Using this Boston Square as a guide, we can recognise four main activities which need to be supported in Knowledge Management.
I presented this Boston Square a couple of weeks ago, talking about four archetypes in KM.
This differentiation into different However we can also use this diagram as a check - to ensure we are balancing out Knowledge Management programs.
The Boston Square looks at four behaviours within KM, divided by Push and Pull, and Explicit and Tacit. Any balanced KM program will address all four, more or less equally. Any KM program that focuses only on one or two quadrants in unbalanced.
The Explicit Push quadrant, labelled Share, is where an organisation focuses on collecting codified or documented knowledge, and on creating knowledge collections. It is the "Collect" route described here. The KM focus is on portals such as SharePoint, and on information structures, tagging, content provision and user contribution. If your biggest worry is how to incentivise explicit content, you are taking this role.
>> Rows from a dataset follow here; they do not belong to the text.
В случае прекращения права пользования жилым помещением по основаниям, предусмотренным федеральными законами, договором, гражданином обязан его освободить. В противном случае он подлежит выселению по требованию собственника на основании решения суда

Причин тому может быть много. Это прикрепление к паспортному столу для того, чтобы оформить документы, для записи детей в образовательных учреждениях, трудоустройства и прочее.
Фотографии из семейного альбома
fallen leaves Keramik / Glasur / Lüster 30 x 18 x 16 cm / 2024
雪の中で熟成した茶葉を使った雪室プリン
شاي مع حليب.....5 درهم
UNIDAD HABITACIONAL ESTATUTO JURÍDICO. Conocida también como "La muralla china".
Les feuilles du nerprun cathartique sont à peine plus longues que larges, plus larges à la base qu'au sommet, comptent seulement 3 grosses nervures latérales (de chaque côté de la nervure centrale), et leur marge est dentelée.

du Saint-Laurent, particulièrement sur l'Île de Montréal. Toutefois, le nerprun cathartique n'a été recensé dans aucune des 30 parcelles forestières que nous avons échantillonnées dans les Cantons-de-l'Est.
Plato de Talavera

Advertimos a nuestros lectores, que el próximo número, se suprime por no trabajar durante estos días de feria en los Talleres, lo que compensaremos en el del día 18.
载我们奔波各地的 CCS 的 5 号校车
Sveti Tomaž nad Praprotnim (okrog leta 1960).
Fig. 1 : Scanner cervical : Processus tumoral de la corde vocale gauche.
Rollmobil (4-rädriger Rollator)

The Explicit Pull quadrant, labelled Search, is where an organisation focuses on facilitating searching for documents. They are concerned with taxonomies, ontologies, findability, cross-linking and search technologies, to ensure that people can find what they need in the explicit knowledge base.
The Tacit Push quadrant, labelled Tell, is where an organisation focuses on storytelling and knowledge exchange. They are concerned with getting the experts to tell what they know and tell their stories, with processes such as knowledge cafe, with blogging and microblogging, and with Working Out Loud.
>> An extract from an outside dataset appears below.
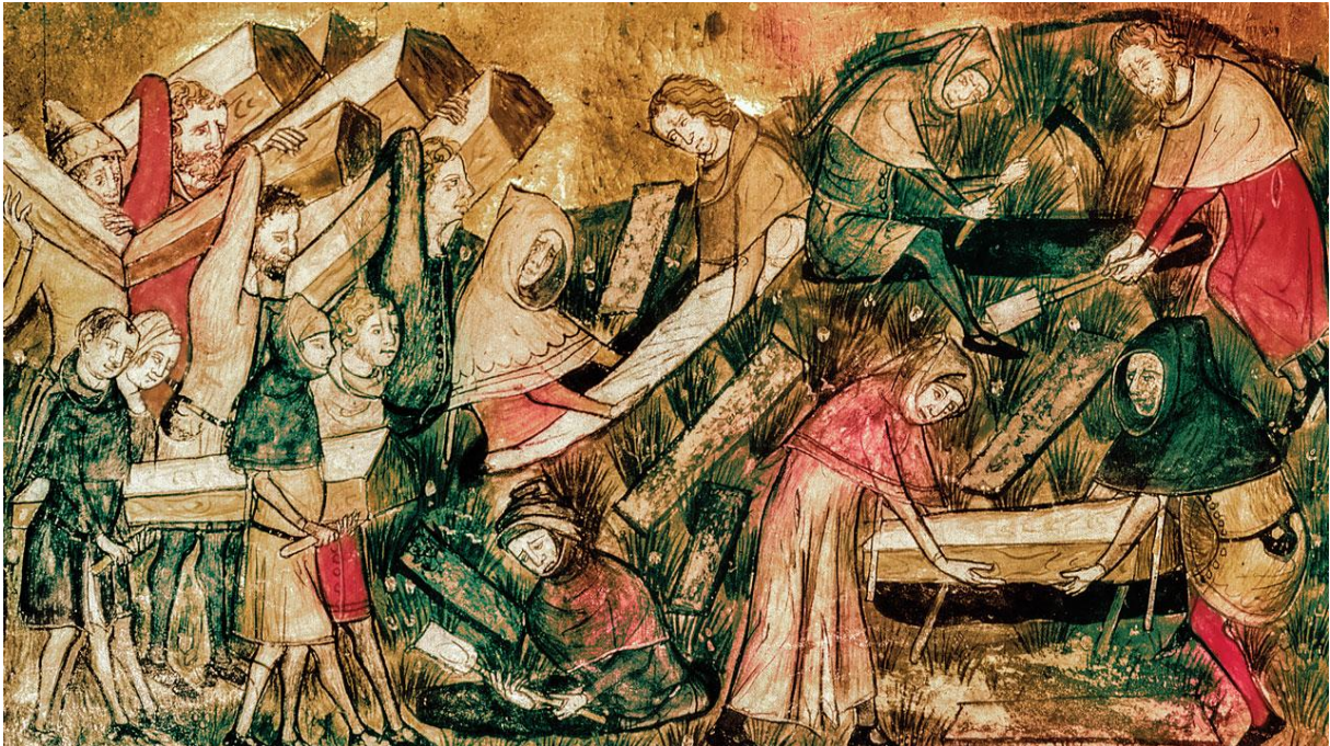
Slika 3 Najraniji prikaz utjecaja kuge -prikazuje ljude kako nose ljesove onih koji su umrli od bolesti u Tournaiju, dan. Belgija, 1349.

različitosti spolova te kako se smatra da žene ili muškarci mogu ili ne mogu konzumirati određene namirnice, s dozom banalnosti da muškarci ne mogu konzumirati hladnu salatu.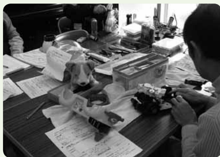
おもちゃ病院併設の図書館ではおもちゃの修理(費用実費)も(たんだん)

The Tacit Pull quadrant, labelled Ask, is where an organisation focuses on creating and satisfying a demand for knowledge. They are concerned with getting questions answered, and putting people in touch with others, and with building structures such as communities of practice, where questions are safe to ask and speedily answered. This is the "Connect" route described here.
Everyone will have their preferred quadrant in which they feel most comfortable, but the key for any KM program is that you need to address all four elements.
You need to address all four elements, as different knowledge needs to be transferred in different ways, and to focus on only one quadrant of the diagram is to miss 75% of the possibilities KM can deliver.
How does your KM program measure up?